In order to work after merge, we need to add a secret to the repository under the name GHCR_WRITE_TOKEN that contains a token with write permission to packages

Also currently the Gentoo Dockerfile doesn't seem to work. The Ubuntu from source also doesn't seem to work, I don't understand why, but the corresponding acitons are fine.

eguiraud commented 2 years ago

Hey, I haven't forgotten about this, will take a look as soon as I manage -- meanwhile, thank you very much for working on this.

Runaway comments:

lobis commented 2 years ago
  • can we even run the "build ubuntu/centos from source" workflows on github CI? don't they take too long?

Yes you can, in my experience it can take ~ 2-4 hours but I never had any problems with it, even using the GitHub provided runners. Since its not going to be ran that often I don't think this is a problem.
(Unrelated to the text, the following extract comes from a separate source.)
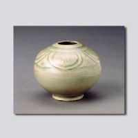 首都博物館藏。收口,豐肩,鼓腹,圈足,足脊無釉?谘叵驴谈采彴昙y,并劃出筋脈。內(nèi)外施青釉,口沿下有開片,釉層澄澈。胎體輕薄,造型精巧,是一件別具一格的文房用品。

Hey, I haven't forgotten about this, will take a look as soon as I manage -- meanwhile, thank you very much for working on this.

Runaway comments:

  • it looks like this is actually at least 3 different PRs? one to change the formatting of our existing Dockerfiles (why?), one to add Dockerfiles for building ROOT on Ubuntu/CentOS from source, one to add the actual github workflows. It might make sense to split the changes up to move things along more quickly

Yes, I agree.

Regarding the formatting there is no reason for it, for some reason I though it was inconsistent across Dockerfiles but I must have made a mistake, I will revert those changes.

I made a PR adding Ubuntu built from source (https://github.com/root-project/root-docker/pull/45). I had some inquiries about how to make this. I followed the choice to have a separate directory on the root level for the "built from source" images, but this means replicating the packages file and making sure it remains on sync. Other choice would be to have a new Dockerfile called DockerfileFromSource or whatever on the ubuntu directory and make use of the same packages file. I also don't like to not use the Dockerfile name, so I am wondering if there is a better way do to this.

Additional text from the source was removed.